Major stem cell species are studied using a co-clustering latent variable model (LVM). It helps to explain cell type-specific transcription factors, using expression profiles. The LVM-based study also helps to analyze regulatory modules for each stem cell cluster. Furthermore, the identities of the stem cell clusters are revealed by the constituent genes that are directly targeted by the modules (Joung et al., 2007).

Application to Signal Transduction Modeling

A primer on the use of Bayesian networks is introduced for analyzing the connectivity of signaling networks. Bayesian networks are used to derive causal influences among biological signaling molecules. An automatically derive a Bayesian network model is introduced from proteomic data and to interpret the resulting model (Pe’er, 2005).

Stochastic biochemical systems are used for modeling transcriptional regulation in single cells. Transcriptional regulation is easily modeled using a hidden Markov model (HMM). It is used to mathematically and computationally study transcriptional regulation in single cells. Furthermore, analysis by Monte Carlo simulation is computationally laborious. Several simulations are employed based on a transcriptional regulatory system for showing the relative merits and limitations of various approximation techniques (Goutsias, 2006).

Graphical models are very well used for analyzing GProtein coupled receptors (GPCRs). Most of signaling networks in cells are mediated through the interaction of GPCRs with heterotrimeric GTP-binding proteins (G-proteins). Experimental data suggest that heterotrimeric G-proteins interact with parts of the activated receptor at the transmembrane helix-intracellular loop interface. An exploratory approach is designed to generate a refined library of Hidden Markov Models that predict the coupling preference of GPCRs to heterotrimeric G-proteins. It predicts the coupling preferences of GPCRs to Gs, Gi/o and Gq/11, but not G12/13 subfamilies (Sgourakis et al., 2005).

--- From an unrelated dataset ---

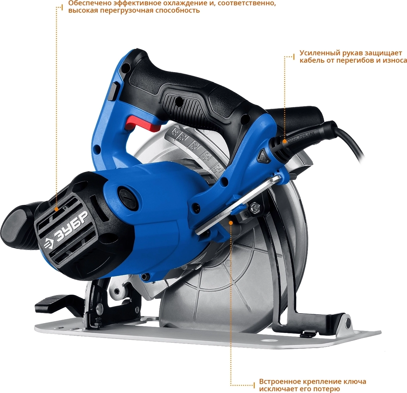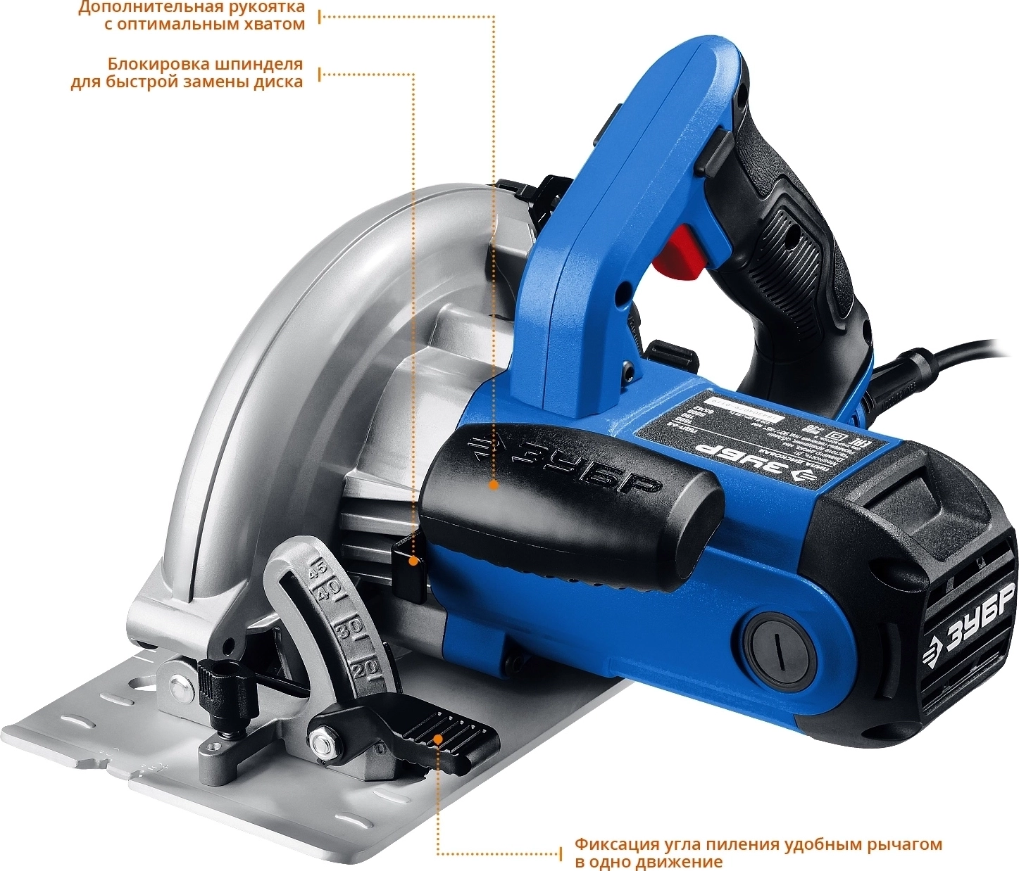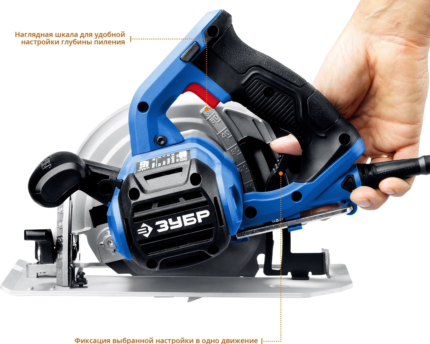 - Бесступенчатая регулировка глубины и угла пиления с удобными шкалами для точных работ

A Hidden Markov model library is designed for classifying protein kinases into 12 families. This classification is also coupled with a mis-classification rate of zero on the characterized kinomes of H. sapiens, M. musculus, D. melanogaster, C. elegans, S. cerevisiae, D. discoideum, and P. falciparum. This is applied to 38 unclassified kinases of yeast including AGC (5), CAMK (17), CMGC (4), and STE (1). It also facilitates the annotation of kinomes and provides data regarding early evolution and subsequent adaptations of the various protein kinase families (Miranda-Saavedra et al., 2007).

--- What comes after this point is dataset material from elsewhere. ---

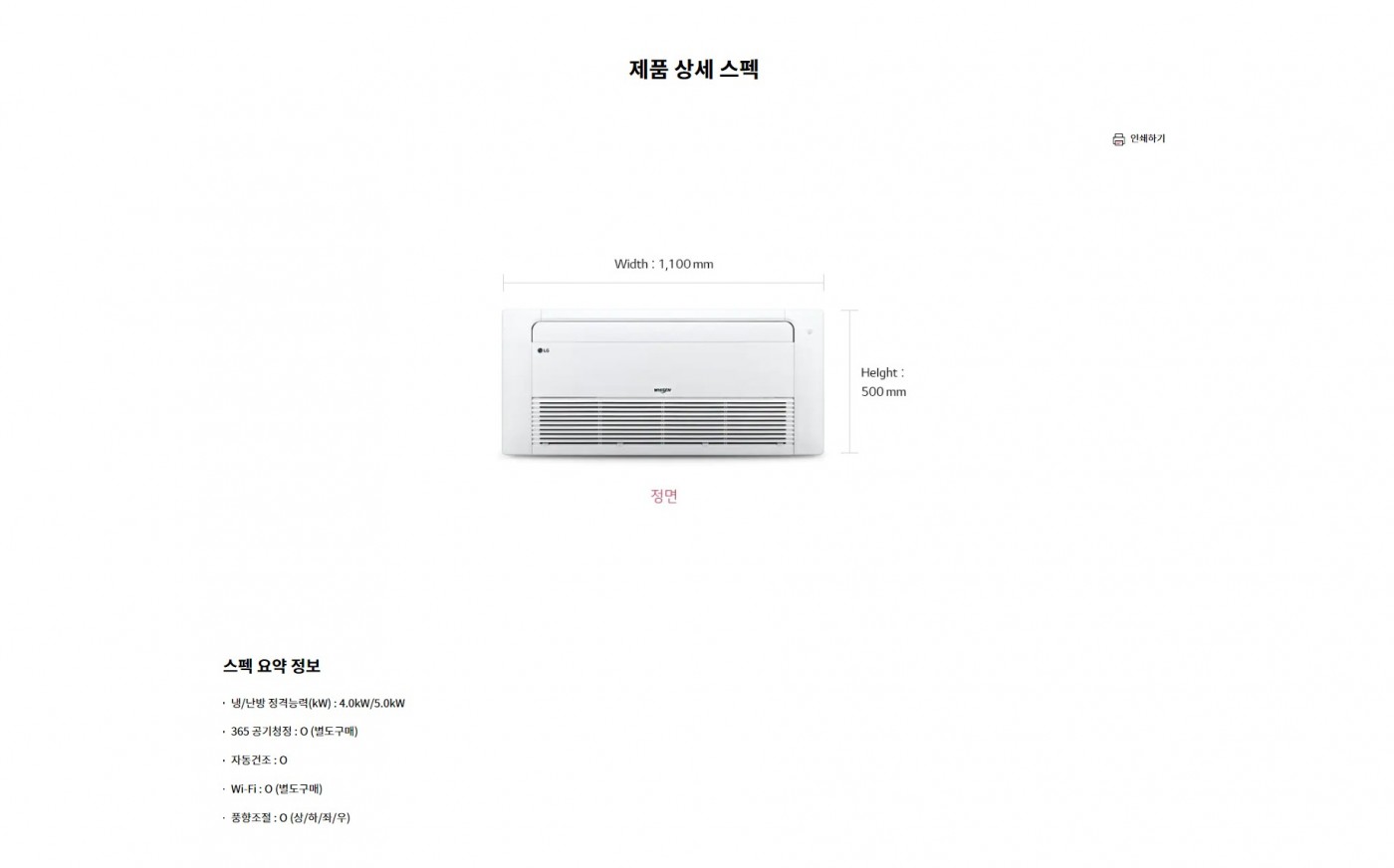 냉/난방 정격능력(kW) : 4.0kW/5.0kW365 공기청정 : O (별도구매)자동건조 : OWi-Fi : O (별도구매)풍향조절 : O (상/하/좌/우)

Application to Gene Regulatory Networks

Gene regulatory networks are modeled using probabilistic Boolean network methods and dynamic Bayesian network methods. These methods are compared using certain biological time-series dataset from the Drosophila Interaction Database for designing Drosophila gene network. Also, a subset of time points and gene samples from the whole dataset is used to evaluate the performance of these two approaches (Li et al., 2007).

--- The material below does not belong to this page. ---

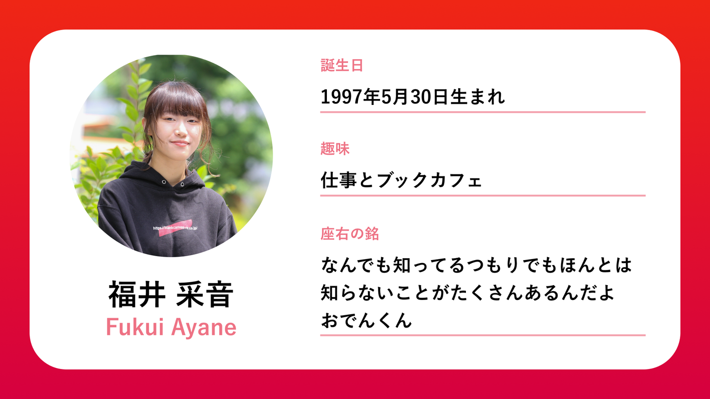 こんにちは、blank canvas代表の福井采音です。
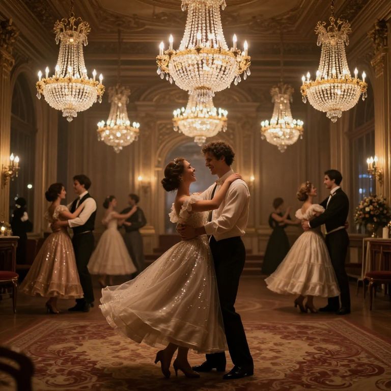 Chandeliers of crystalline laughter suspended in time, their golden glow casting whispers of forgotten dances upon the carpeted floor, where echoes of joy linger like a haunting melody in an abandoned ballroom.

A hierarchical hidden Markov regression model is introduced for determination of gene regulatory networks from genomic sequence and gene expression microarray data. A hybrid Monte Carlo methodology is devised to estimate parameters under 2 classes of latent structure. One is arising due to the unobservable state identity of genes and the other is due to the unknown set of covariates influencing the response within a state (Gupta et al., 2007).

A comparative gene predictor, called Conrad is proposed, based on semi-Markov conditional random fields (SMCRFs). It is trained to maximize annotation accuracy. It encodes information as features and treats all features equally in the training and inference algorithms. On Cryptococcus neoformans, configuring Conrad to reproduce the predictions of a two-species phylo-GHMM closely matches the performance of Twinscan. Furthermore, it produces similar results on Aspergillus nidulans comparing Conrad versus Fgenesh (DeCaprio et al., 2007).

Hidden Markov Models are compared with genotyping to determine the transmission characteristics of sporadic vancomycin-resistant enterococci (VRE). For this, a structured continuous-time hidden Markov model (HMM) is developed. Two parameters are estimated, one to quantify the cross-transmission of VRE and the other to quantify the level of VRE colonization from sporadic sources. Some evidence is found, based on model selection criteria that the cross-transmission parameter changed throughout the study period. This model estimates that cross-transmission increases at week 120 and declines after week 135, coinciding with environmental decontamination. HMMs are also applied to serial prevalence data to estimate the characteristics of acquisition of nosocomial pathogens and distinguish between epidemic and sporadic acquisition (McBryde et al., 2007).

Current Research

Bayesian networks are used for predicting interaction partners using multiple alignments of interacting protein domains sequences without the need for any training examples. This also accurately predicts interaction partners in datasets of polyketide synthases. Also, analysis of the predicted genome- wide two-component signaling networks shows that interacting kinase/regulator pairs, which lie adjacent on the genome and which lie isolated form two relatively independent components of the signaling network in each genome (Burger et al., 2008).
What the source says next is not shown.